Task statement: Write out the entries below once more, exactly, with the pictures left out.

*** Block opens ***

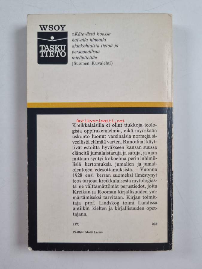 Muu(t) tekijä(t): I. K. Inha, Claes Lindskog ym.Sarja: Taskutieto 27Asiasanat: kirjallisuudenhistoria, sadut, antiikki, myytit, mytologia, yliluonnolliset olennot, jumalat, kreikankielinen kirjallisuus, jumalattaret, antiikin mytologia
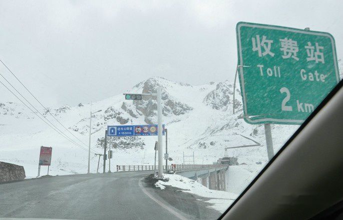 在风雪下的盘山公路开车,大家都格外小心缓慢行驶,收费站前出现了车龙。
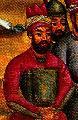 Picture showing Mirza Mehdi Khan in pink clothes holding a book, with Nader Shah Afshar on horseback; at the Battle of Kirkuk with the corpse of the Ottoman general Topal Osman Pasha laid before the Shah (zoomed out).
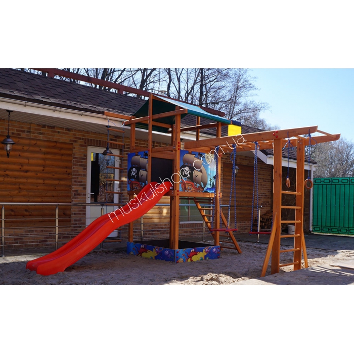 Детская площадка Sportbaby-14 комплектуется рукоходом, качелями, башней с песочницей, горкой для спуска, кольцами для упражнений, лестницей из веревок. Такой комплекс может выдерживать свыше 80 кг веса малышей. Площадка состоит из нескольких лестниц, позволяя малышам устроить небольшие соревнования. Конструкция из сосны, пропитанная специальным средством, нет острых углов и тяжелого металлического крепления, а также химических веществ, а горка покрыта качественной водоэмульсионной краской. Тут детишки не только займутся делом, но и укрепят свой иммунитет. Такая деревянная площадка идеально подойдет для загородных домов и дач. Играть на такой площадке могут сразу несколько непосед, рассчитана модель на большую семью.
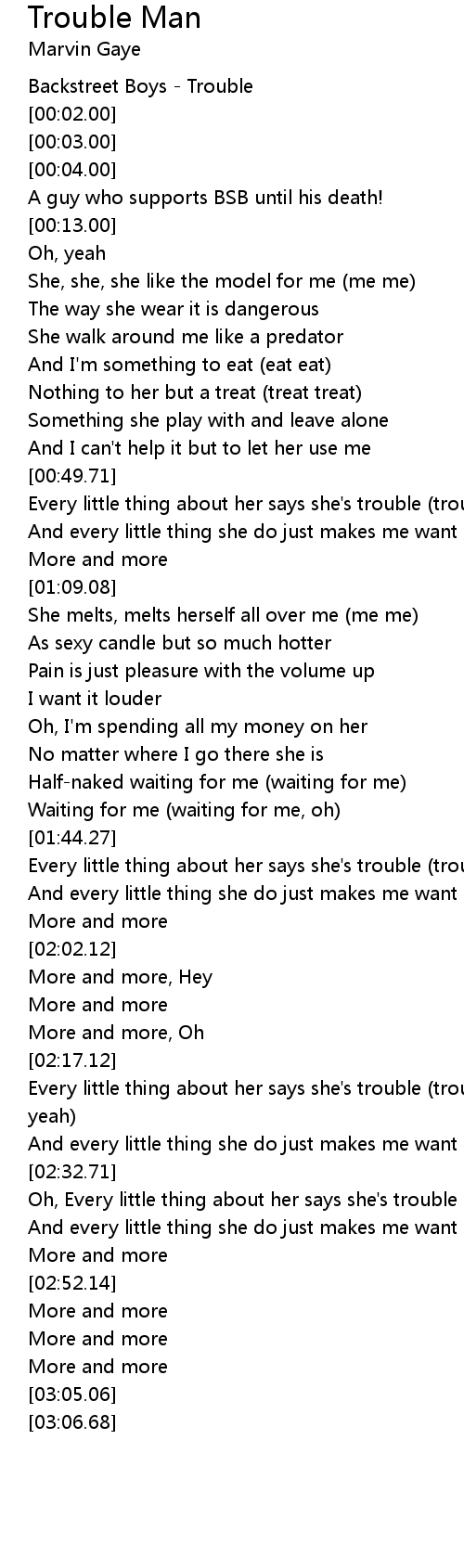 Every little thing about her says she's trouble (trouble, trouble yeah) |
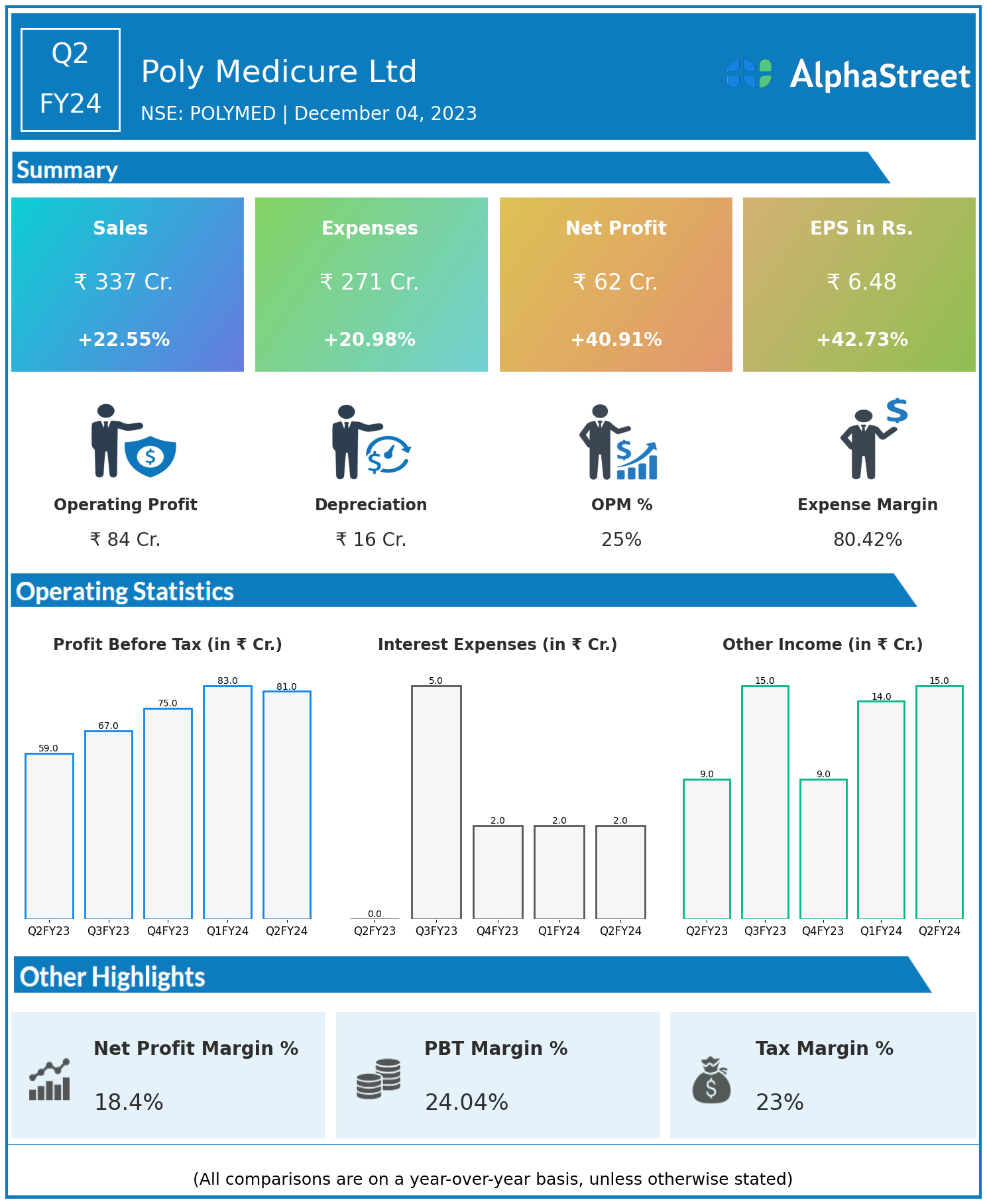 Poly Medicure Ltd reported Revenues for Q2FY24 of ₹337.00 Crores up from ₹275.00 Crore year on year, a rise of 22.55%.
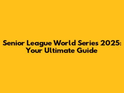 Senior League World Series 2025: Your Ultimate Guide
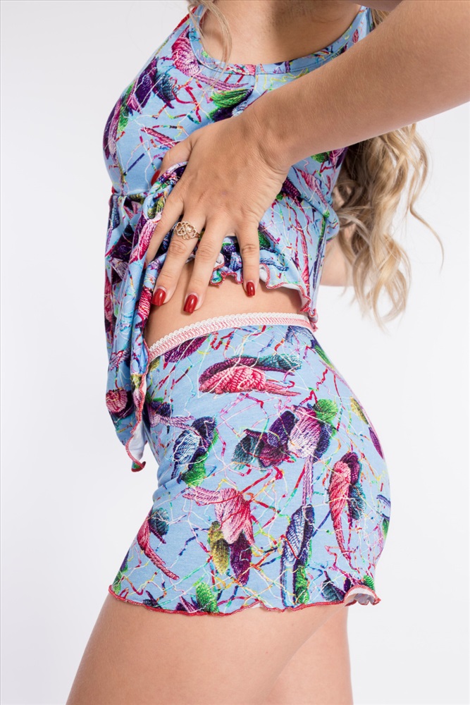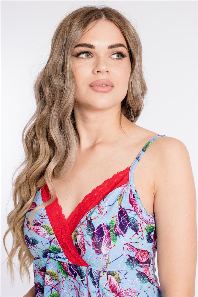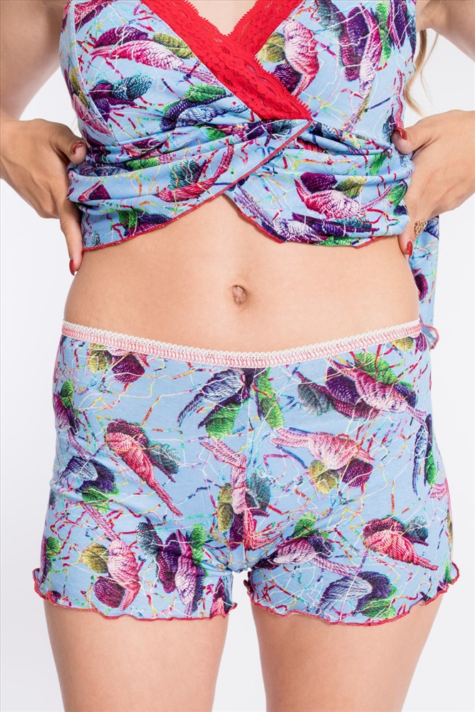 Вид верха комплекта: Топ Вид низа комплекта: Шорты Вид ткани: Вискоза Сезон: Всесезонный Состав: Вискоза 95% Лайкра 5% Цвет Номенклатуры: голубой/красный

*** Block closes ***

Solution below:
 Muu(t) tekijä(t): I. K. Inha, Claes Lindskog ym.Sarja: Taskutieto 27Asiasanat: kirjallisuudenhistoria, sadut, antiikki, myytit, mytologia, yliluonnolliset olennot, jumalat, kreikankielinen kirjallisuus, jumalattaret, antiikin mytologia
 在风雪下的盘山公路开车,大家都格外小心缓慢行驶,收费站前出现了车龙。
 Picture showing Mirza Mehdi Khan in pink clothes holding a book, with Nader Shah Afshar on horseback; at the Battle of Kirkuk with the corpse of the Ottoman general Topal Osman Pasha laid before the Shah (zoomed out).
 Детская площадка Sportbaby-14 комплектуется рукоходом, качелями, башней с песочницей, горкой для спуска, кольцами для упражнений, лестницей из веревок. Такой комплекс может выдерживать свыше 80 кг веса малышей. Площадка состоит из нескольких лестниц, позволяя малышам устроить небольшие соревнования. Конструкция из сосны, пропитанная специальным средством, нет острых углов и тяжелого металлического крепления, а также химических веществ, а горка покрыта качественной водоэмульсионной краской. Тут детишки не только займутся делом, но и укрепят свой иммунитет. Такая деревянная площадка идеально подойдет для загородных домов и дач. Играть на такой площадке могут сразу несколько непосед, рассчитана модель на большую семью.
 Every little thing about her says she's trouble (trouble, trouble yeah) |
 Poly Medicure Ltd reported Revenues for Q2FY24 of ₹337.00 Crores up from ₹275.00 Crore year on year, a rise of 22.55%.
 Senior League World Series 2025: Your Ultimate Guide
 Вид верха комплекта: Топ Вид низа комплекта: Шорты Вид ткани: Вискоза Сезон: Всесезонный Состав: Вискоза 95% Лайкра 5% Цвет Номенклатуры: голубой/красный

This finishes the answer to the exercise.